The memo, which was intended to be destroyed after it was read, not only indicates that the antitrust case had been fixed but that the fix was a payoff for ITT’s pledge of up to $400,000 for the upcoming Republican convention in San Diego. Confronted with the memo, Mrs. Beard acknowledged its authenticity…. She said she met with Mitchell at the governor’s mansion in Kentucky during a dinner reception given by Republican Gov. Louie Nunn last May after the Kentucky Derby.
39

Waking up on his final day in office, Mitchell likely chuckled at the Anderson column. The account of his Kentucky Derby encounter with Dita Beard was so fanciful as to merit little concern. Alerted to the column’s content the day before it ran, the attorney general’s press secretary, Jack Hushen, had rushed out a press release in which Mitchell summarized his own version of the Derby encounter, then added a final flourish: “With respect to allegations that the president discussed the matter with me, there would be no occasion for him to do so and he did not.”
40

This was, of course, disingenuous at best, a blatant lie at worst: Mitchell and Nixon had indeed discussed the ITT case.

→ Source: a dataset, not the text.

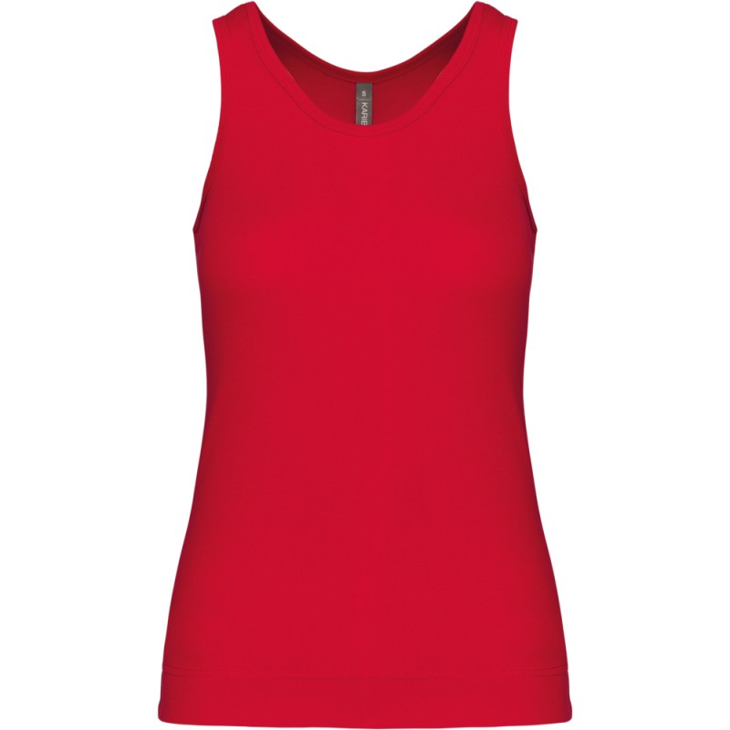 100% coton. Côte 1x1. Dos nageur. Finition double aiguille.

Whether Mitchell believed his discussion with the president, in which he persuaded Nixon to reverse his order to Kleindienst to drop the litigation, was divorced from the merits of the case—technically true—was immaterial to the broad denial contained in Mitchell’s statement. As Nixon had told Haldeman:
P. now into ITT case—shldn’t have to be
. Mitchell would have stood on surer ground had he limited his denial to the specifics of Beard’s tale: Nixon had never instructed Mitchell to “lay-off ITT” or “make a reasonable settlement.” But Mitchell had no idea the Oval Office was bugged, and no reason to believe the matter would gain any traction. The next two columns by Anderson and Hume, and the “ripple effect” they caused, quickly disabused Mitchell of that notion.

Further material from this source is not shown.